_Assigned task_
Reproduce word for word the lines between those holding "Zodra je binnenkomt, valt" and "A Prefeitura de", inclusive, and nothing else from the data below.

[Records from a collection]
============
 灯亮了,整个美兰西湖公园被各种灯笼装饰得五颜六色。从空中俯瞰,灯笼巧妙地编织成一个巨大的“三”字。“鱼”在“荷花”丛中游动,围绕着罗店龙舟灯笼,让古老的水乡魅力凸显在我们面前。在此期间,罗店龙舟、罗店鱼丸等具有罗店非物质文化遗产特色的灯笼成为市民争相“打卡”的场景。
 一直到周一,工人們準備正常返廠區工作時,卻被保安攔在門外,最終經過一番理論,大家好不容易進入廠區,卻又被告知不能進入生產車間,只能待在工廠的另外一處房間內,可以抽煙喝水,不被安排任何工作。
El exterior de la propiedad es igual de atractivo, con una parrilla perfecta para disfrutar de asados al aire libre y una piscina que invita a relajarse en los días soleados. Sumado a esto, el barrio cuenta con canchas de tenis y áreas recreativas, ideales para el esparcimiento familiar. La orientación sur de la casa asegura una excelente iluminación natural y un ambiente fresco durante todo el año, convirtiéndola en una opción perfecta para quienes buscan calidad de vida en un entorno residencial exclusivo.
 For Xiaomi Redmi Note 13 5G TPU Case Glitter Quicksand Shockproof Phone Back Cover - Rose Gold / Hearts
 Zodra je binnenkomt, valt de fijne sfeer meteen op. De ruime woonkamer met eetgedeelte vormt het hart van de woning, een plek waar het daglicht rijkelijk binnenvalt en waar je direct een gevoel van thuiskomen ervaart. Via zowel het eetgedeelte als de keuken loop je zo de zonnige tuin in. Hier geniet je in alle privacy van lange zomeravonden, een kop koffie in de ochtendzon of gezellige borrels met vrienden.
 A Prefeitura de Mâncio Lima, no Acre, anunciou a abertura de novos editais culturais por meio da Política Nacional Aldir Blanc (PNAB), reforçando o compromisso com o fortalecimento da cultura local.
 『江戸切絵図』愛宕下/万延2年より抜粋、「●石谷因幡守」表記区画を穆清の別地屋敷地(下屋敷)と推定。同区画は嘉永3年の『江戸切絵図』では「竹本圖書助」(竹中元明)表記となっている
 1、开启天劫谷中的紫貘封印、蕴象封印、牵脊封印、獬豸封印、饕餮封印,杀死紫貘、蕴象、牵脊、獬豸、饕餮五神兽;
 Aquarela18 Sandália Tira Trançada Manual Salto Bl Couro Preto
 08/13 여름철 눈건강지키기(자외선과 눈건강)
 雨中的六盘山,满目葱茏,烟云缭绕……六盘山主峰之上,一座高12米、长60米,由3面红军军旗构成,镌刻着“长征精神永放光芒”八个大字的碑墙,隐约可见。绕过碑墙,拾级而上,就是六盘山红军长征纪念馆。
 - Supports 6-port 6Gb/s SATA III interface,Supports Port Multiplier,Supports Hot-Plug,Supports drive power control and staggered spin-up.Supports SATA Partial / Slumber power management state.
============
_Answer space_
 Zodra je binnenkomt, valt de fijne sfeer meteen op. De ruime woonkamer met eetgedeelte vormt het hart van de woning, een plek waar het daglicht rijkelijk binnenvalt en waar je direct een gevoel van thuiskomen ervaart. Via zowel het eetgedeelte als de keuken loop je zo de zonnige tuin in. Hier geniet je in alle privacy van lange zomeravonden, een kop koffie in de ochtendzon of gezellige borrels met vrienden.
 A Prefeitura de Mâncio Lima, no Acre, anunciou a abertura de novos editais culturais por meio da Política Nacional Aldir Blanc (PNAB), reforçando o compromisso com o fortalecimento da cultura local.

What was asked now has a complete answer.